All records below must be reproduced exactly, although any pictures they contain are to be omitted.

=== RECORDED INFORMATION ===
::::::::

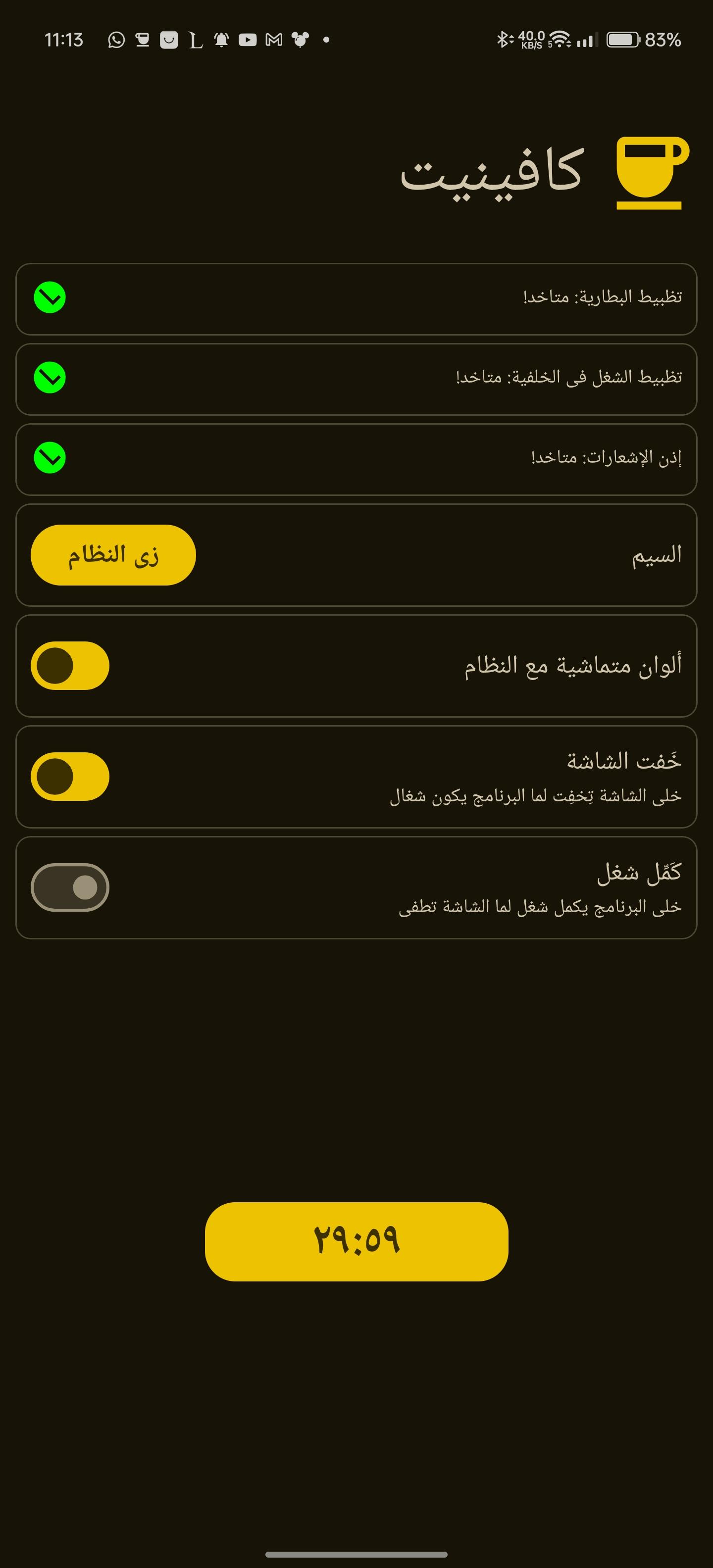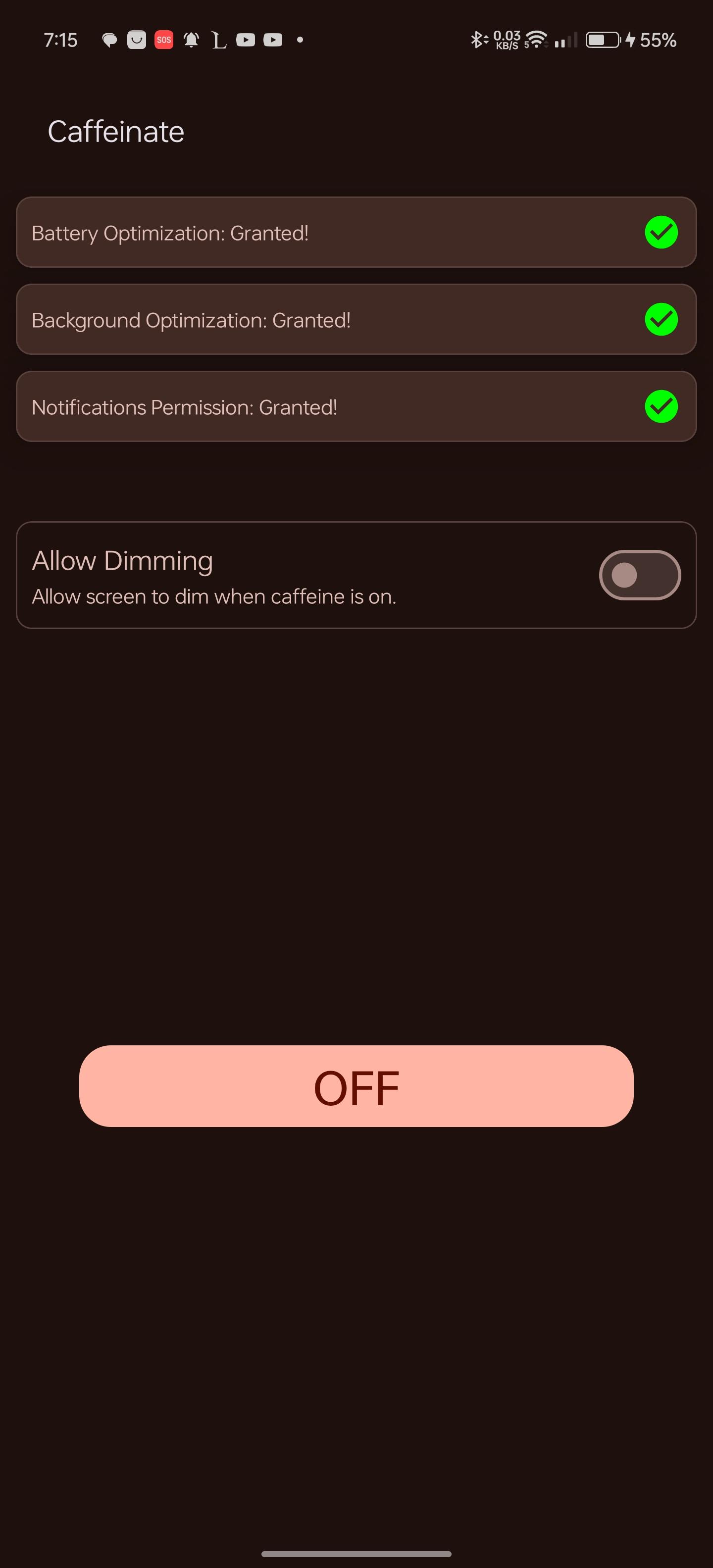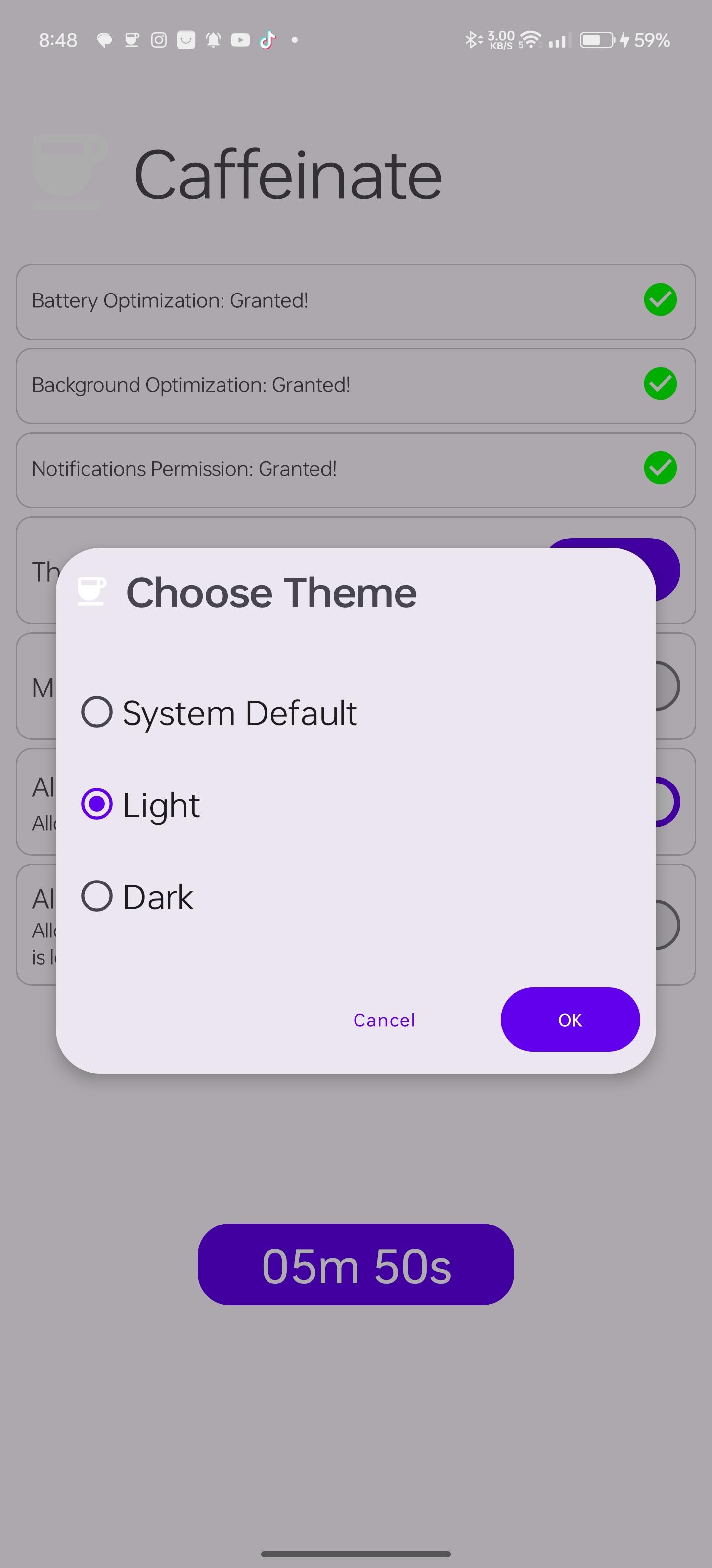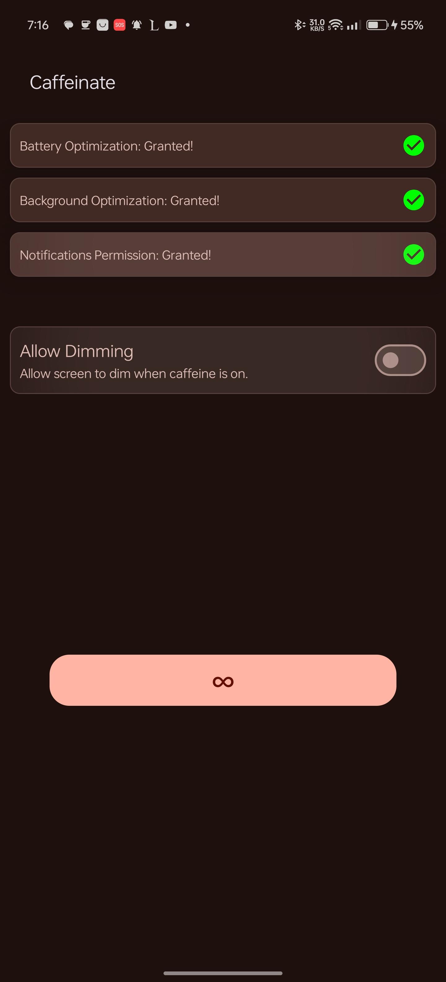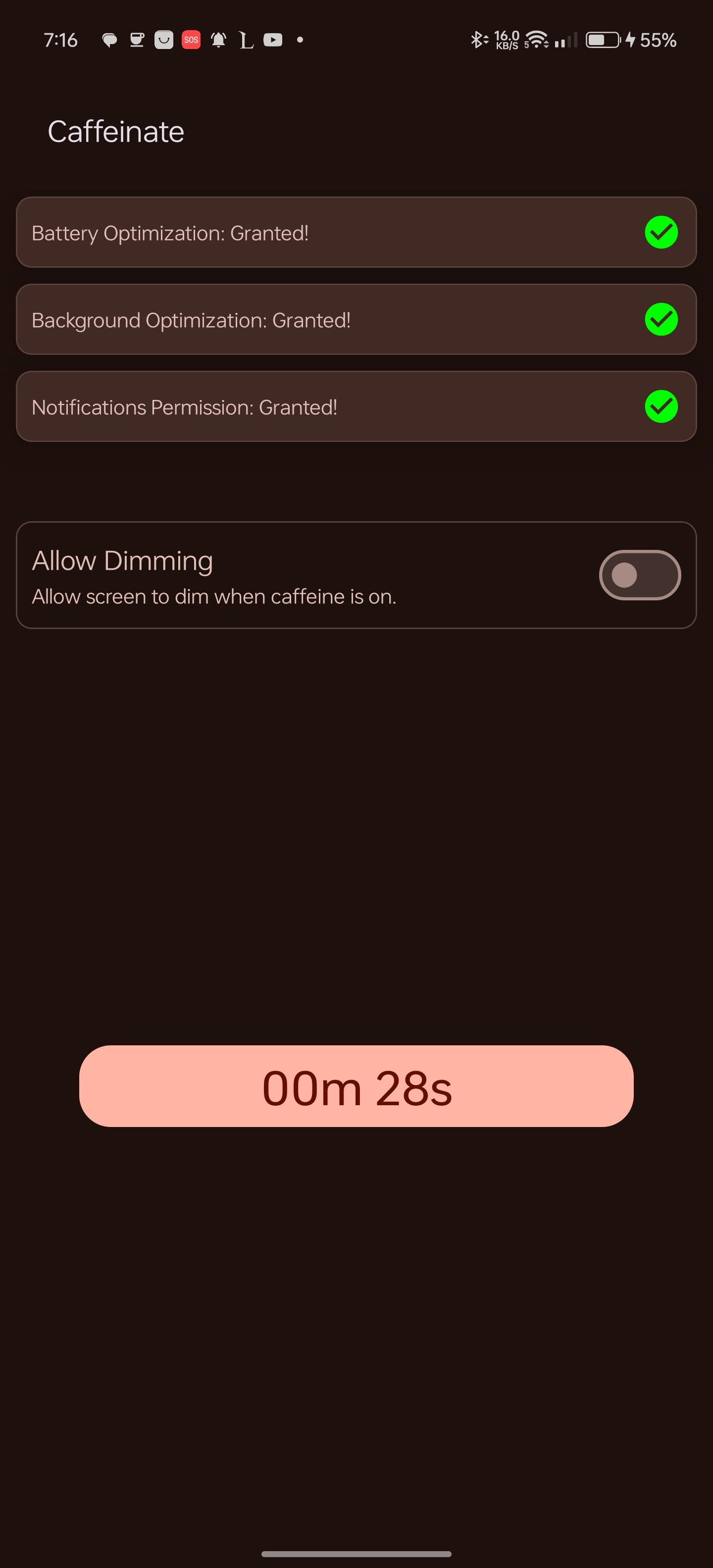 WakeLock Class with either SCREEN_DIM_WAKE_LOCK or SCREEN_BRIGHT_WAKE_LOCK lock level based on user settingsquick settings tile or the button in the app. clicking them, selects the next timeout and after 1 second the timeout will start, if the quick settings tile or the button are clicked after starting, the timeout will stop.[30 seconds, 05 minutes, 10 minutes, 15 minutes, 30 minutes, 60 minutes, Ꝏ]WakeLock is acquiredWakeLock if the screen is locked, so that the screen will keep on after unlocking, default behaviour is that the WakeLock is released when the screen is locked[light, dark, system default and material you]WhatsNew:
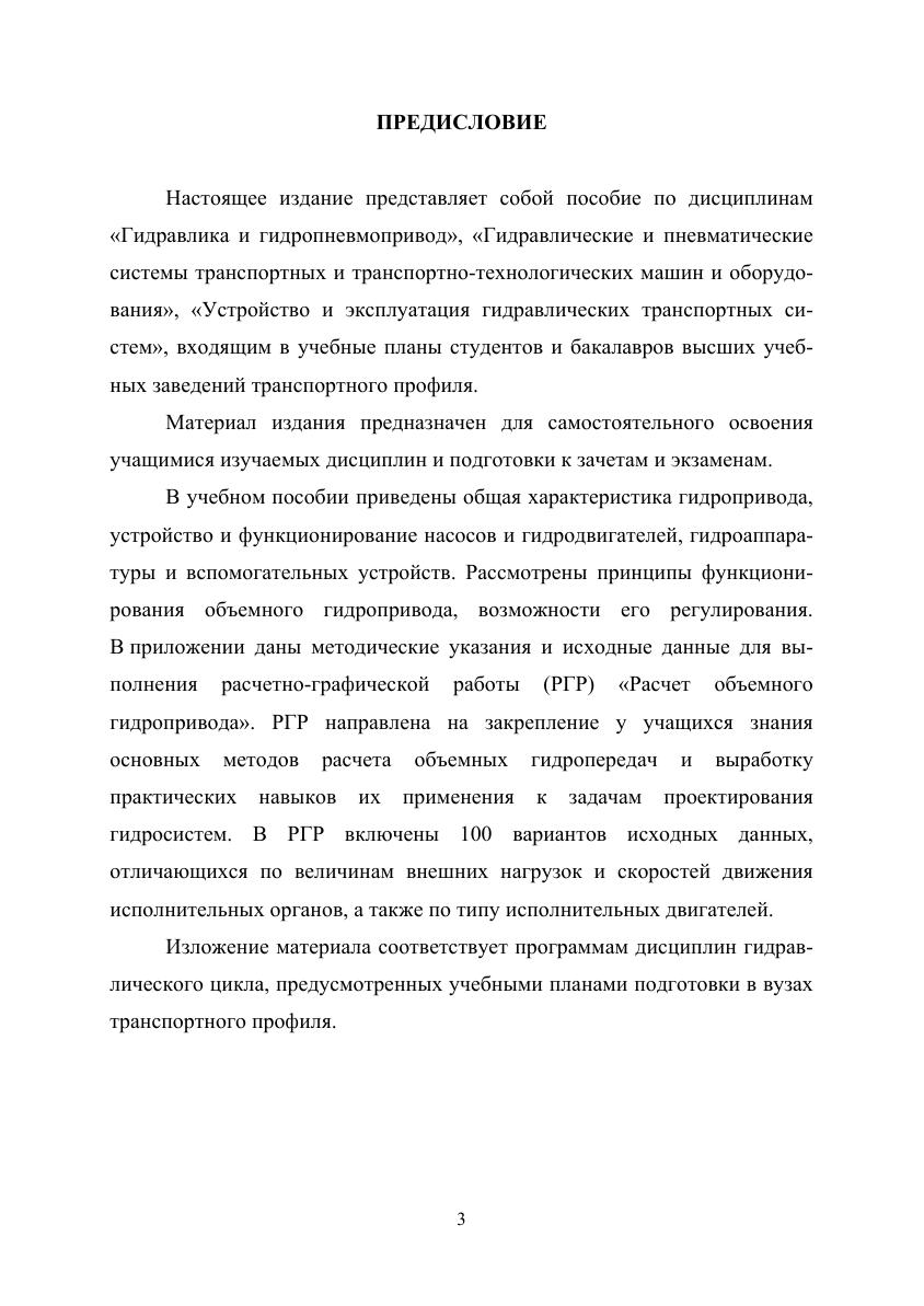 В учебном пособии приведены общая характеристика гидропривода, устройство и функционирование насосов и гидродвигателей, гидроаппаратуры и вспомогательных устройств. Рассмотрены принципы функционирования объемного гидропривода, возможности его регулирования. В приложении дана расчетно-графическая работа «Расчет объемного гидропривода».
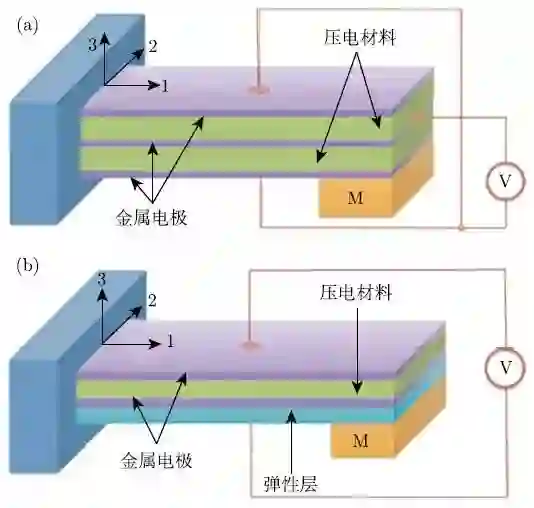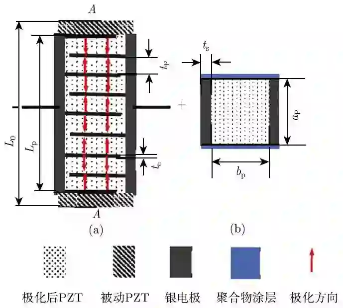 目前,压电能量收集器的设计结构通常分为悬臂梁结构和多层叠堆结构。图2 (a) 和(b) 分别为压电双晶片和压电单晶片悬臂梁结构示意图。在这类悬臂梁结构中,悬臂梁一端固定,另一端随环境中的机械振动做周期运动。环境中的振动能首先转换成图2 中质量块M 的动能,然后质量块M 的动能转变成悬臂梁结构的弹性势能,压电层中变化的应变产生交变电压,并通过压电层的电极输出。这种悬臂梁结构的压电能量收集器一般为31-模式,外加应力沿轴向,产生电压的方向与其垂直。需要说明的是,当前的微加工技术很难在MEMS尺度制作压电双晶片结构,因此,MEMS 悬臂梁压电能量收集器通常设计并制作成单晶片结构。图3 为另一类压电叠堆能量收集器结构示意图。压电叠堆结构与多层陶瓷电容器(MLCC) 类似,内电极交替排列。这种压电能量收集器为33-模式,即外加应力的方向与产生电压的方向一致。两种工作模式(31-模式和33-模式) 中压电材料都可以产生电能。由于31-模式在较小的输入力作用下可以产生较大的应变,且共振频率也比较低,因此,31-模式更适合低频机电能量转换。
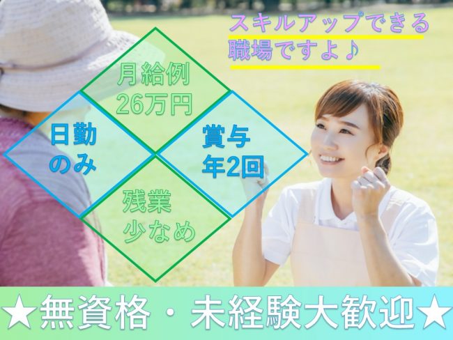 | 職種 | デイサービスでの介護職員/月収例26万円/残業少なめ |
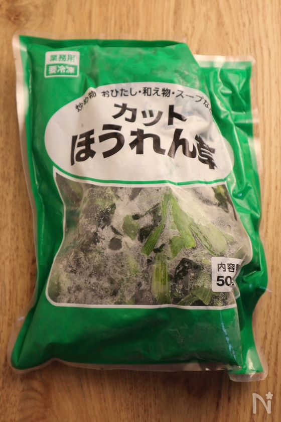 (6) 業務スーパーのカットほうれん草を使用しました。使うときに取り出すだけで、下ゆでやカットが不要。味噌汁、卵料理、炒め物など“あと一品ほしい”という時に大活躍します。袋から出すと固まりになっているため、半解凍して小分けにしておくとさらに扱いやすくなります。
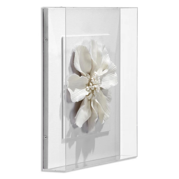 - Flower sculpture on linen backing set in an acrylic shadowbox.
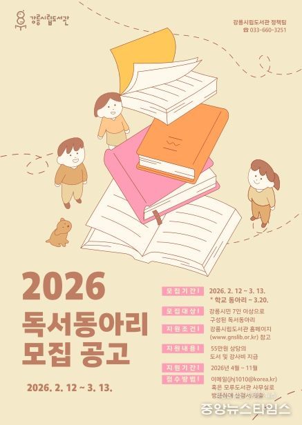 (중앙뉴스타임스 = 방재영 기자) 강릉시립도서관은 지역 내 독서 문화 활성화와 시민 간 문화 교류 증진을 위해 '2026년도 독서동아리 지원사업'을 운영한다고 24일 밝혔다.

::::::::

=== EXERCISE RESULT ===
 WakeLock Class with either SCREEN_DIM_WAKE_LOCK or SCREEN_BRIGHT_WAKE_LOCK lock level based on user settingsquick settings tile or the button in the app. clicking them, selects the next timeout and after 1 second the timeout will start, if the quick settings tile or the button are clicked after starting, the timeout will stop.[30 seconds, 05 minutes, 10 minutes, 15 minutes, 30 minutes, 60 minutes, Ꝏ]WakeLock is acquiredWakeLock if the screen is locked, so that the screen will keep on after unlocking, default behaviour is that the WakeLock is released when the screen is locked[light, dark, system default and material you]WhatsNew:
 В учебном пособии приведены общая характеристика гидропривода, устройство и функционирование насосов и гидродвигателей, гидроаппаратуры и вспомогательных устройств. Рассмотрены принципы функционирования объемного гидропривода, возможности его регулирования. В приложении дана расчетно-графическая работа «Расчет объемного гидропривода».
 目前,压电能量收集器的设计结构通常分为悬臂梁结构和多层叠堆结构。图2 (a) 和(b) 分别为压电双晶片和压电单晶片悬臂梁结构示意图。在这类悬臂梁结构中,悬臂梁一端固定,另一端随环境中的机械振动做周期运动。环境中的振动能首先转换成图2 中质量块M 的动能,然后质量块M 的动能转变成悬臂梁结构的弹性势能,压电层中变化的应变产生交变电压,并通过压电层的电极输出。这种悬臂梁结构的压电能量收集器一般为31-模式,外加应力沿轴向,产生电压的方向与其垂直。需要说明的是,当前的微加工技术很难在MEMS尺度制作压电双晶片结构,因此,MEMS 悬臂梁压电能量收集器通常设计并制作成单晶片结构。图3 为另一类压电叠堆能量收集器结构示意图。压电叠堆结构与多层陶瓷电容器(MLCC) 类似,内电极交替排列。这种压电能量收集器为33-模式,即外加应力的方向与产生电压的方向一致。两种工作模式(31-模式和33-模式) 中压电材料都可以产生电能。由于31-模式在较小的输入力作用下可以产生较大的应变,且共振频率也比较低,因此,31-模式更适合低频机电能量转换。
 | 職種 | デイサービスでの介護職員/月収例26万円/残業少なめ |
 (6) 業務スーパーのカットほうれん草を使用しました。使うときに取り出すだけで、下ゆでやカットが不要。味噌汁、卵料理、炒め物など“あと一品ほしい”という時に大活躍します。袋から出すと固まりになっているため、半解凍して小分けにしておくとさらに扱いやすくなります。
 - Flower sculpture on linen backing set in an acrylic shadowbox.
 (중앙뉴스타임스 = 방재영 기자) 강릉시립도서관은 지역 내 독서 문화 활성화와 시민 간 문화 교류 증진을 위해 '2026년도 독서동아리 지원사업'을 운영한다고 24일 밝혔다.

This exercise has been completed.